Weird Problems...

The Madhatter

Registered
When I try to startup Classic I get the following error message:

"You are running Classic without superuser(root) privileges. Ensure TruBlueEnvironment is setuid and owned by root, or reinstall your Mac OS X System Software."

What the heck is going on? I have used Classic countless times before. The only thing I have changed is I was trying to share my whole hard drive on my home network and got into root user and did Get Info on my hard drive and gave everyone Read privileges. Then I did the copy to all enclosed folders thing too. Just a few minutes before this Classic message popped up, I tried opening iTunes and this is what I got,

"The folder 'iTunes' is on a locked disk or you do not have write permissions for this folder."

I have iTunes 2 and it has worked fine forever, until today. I again suspect the hard drive sharing issue.
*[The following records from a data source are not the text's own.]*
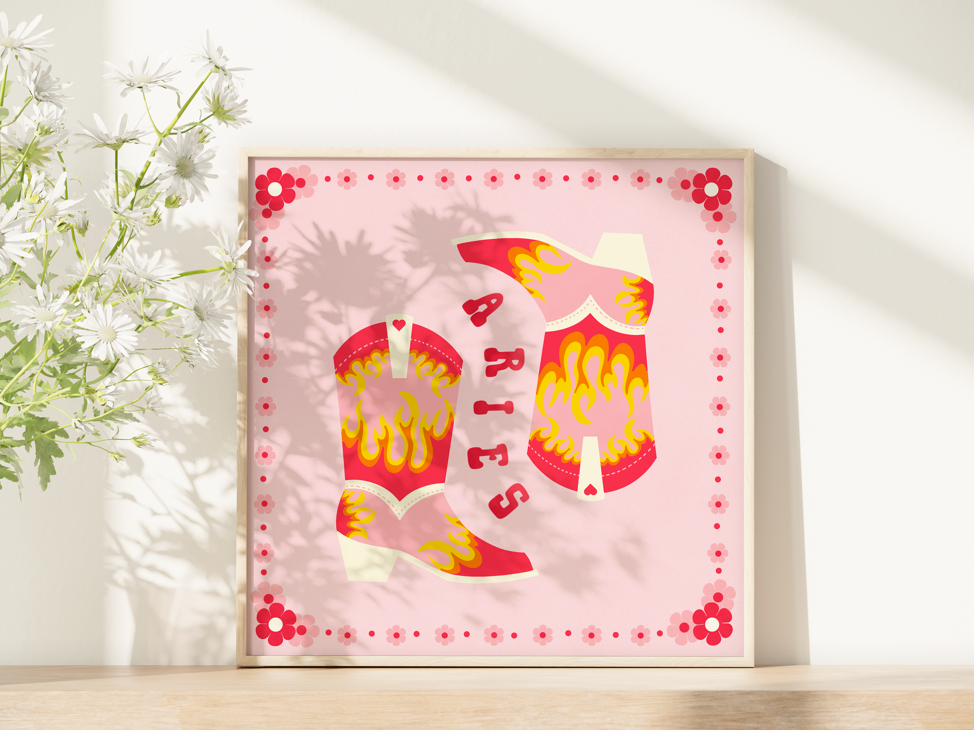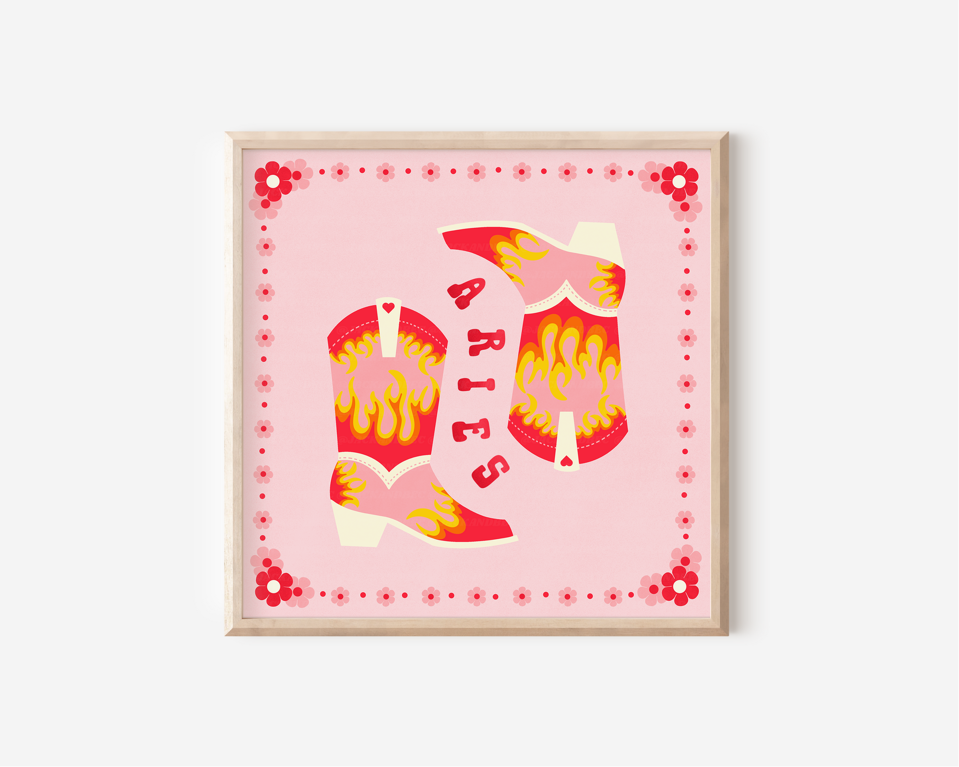 "Aries Boots” is printed on 8”x8” or 11”x11” Smooth Fine Art Archive paper.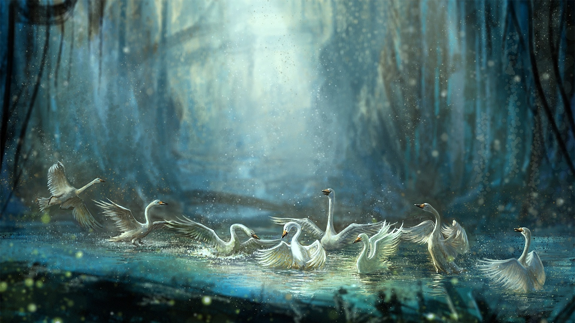 Swans splash in clear water
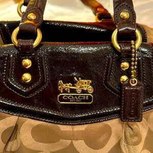 Gently used, in excellent condition bag features one big compartment with built in pockets inside. In tan logo embossed fabric and rich brown leather with golden hardware.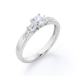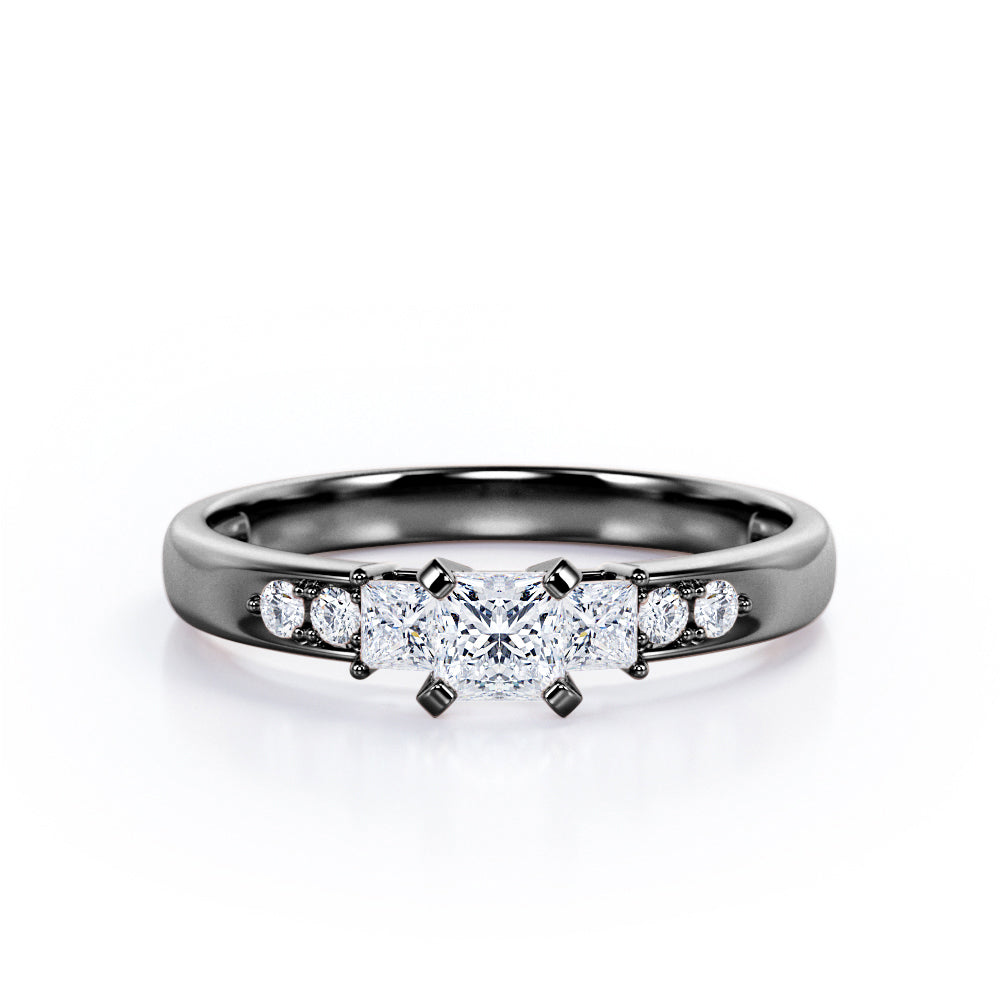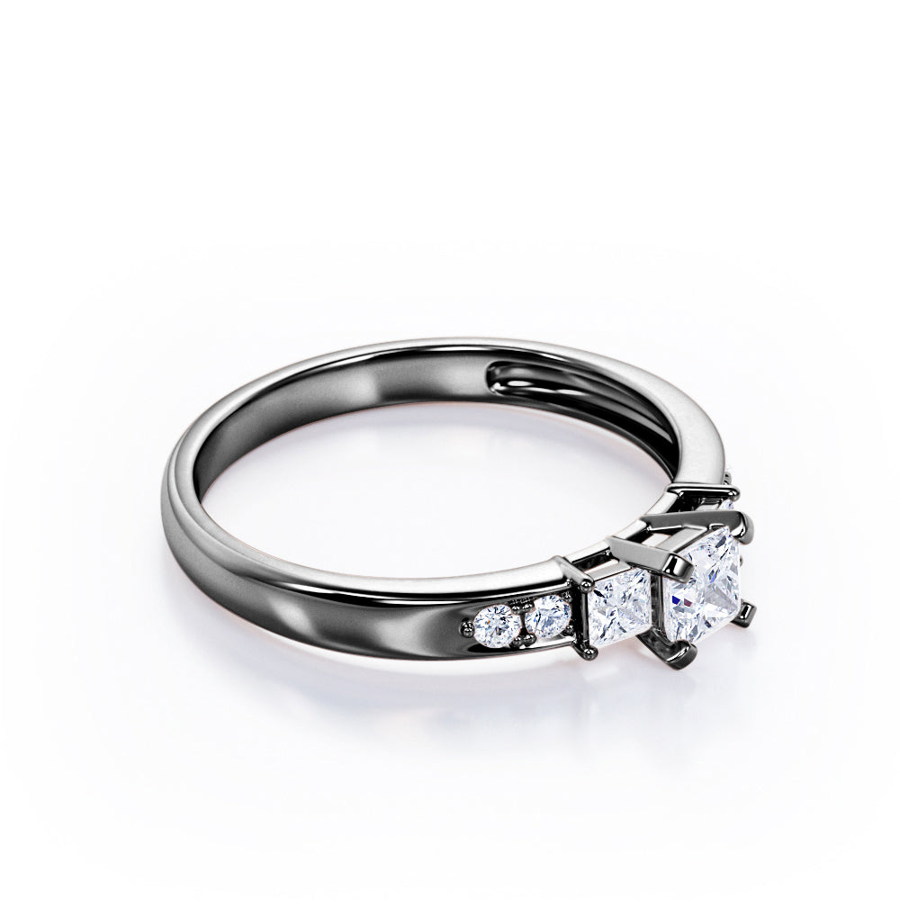Seven Stone 0.5 TCW Princess Cut Certified Lab Diamond Pave Engagement Ring in White Gold. Make your proposal unforgettable with this elegant princess cut Certified Lab Diamond ring. Featuring a 0.25 carat center princess cut Certified Lab Diamond and 0.25 carat side Moissanite set in solid white gold, this 0.5 carat ring showcases exceptional brilliance and clarity. Ideal for expressing charisma and uniqueness, it’s a stunning addition to any jewelry collection. Customizable in 10K, 14K, or 18K gold, available in white, rose, yellow, or black metal color as per your preference. Includes a 30-day full refund policy, 30-day free resizing, and a 6-month warranty. Perfect for engagements, anniversaries, or special occasions.

Anyone have any ideas on how to make these apps work again? I can't open Netscape 6, my current iMovie project, WMP, and a few other apps. Oh yeah, and now Internet Explorer doesn't work either. I think that any apps that have to open other files on my hard drive won't work because it says they don't have the privileges or something.

Interestingly enough, most of these apps work when I am logged in as root user.

Here are screenshots for your convenience.

Classic error message:
http://www.geocities.com/Augusta/6795/whattheheck2.jpg

iTunes error message:
http://www.geocities.com/Augusta/6795/whattheheck1.jpg

For some reason the links don't work, but just press enter in the address bar after you clicked the link and it will work. Or just copy and paste the URL. Weird.

Thanks a lot for your help.
 
Basically, you trashed the permissions structure of OS X. Quickest way to set things right is to do a reinstallation on top of your existing system (not a wipe-and-reinstall).
 
I just saw your location, and had to comment. Is A&M any better at supporting the Mac? I got my Mac my senior year, and CIS was pretty clueless. That and the fact that last I saw they had all-in-one G3s as their most modern Macs. Hope that's improved.

What are you trying to share? You could do it via FTP I suspect.
 
Did you try to set rwx access to all users ? It is not really secure, but it should free all access
 
How do I reinstall X on top of my current system? The best advice I have gotten about my problem is to "do a reinstallation on top of your existing system (not a wipe-and-reinstall)".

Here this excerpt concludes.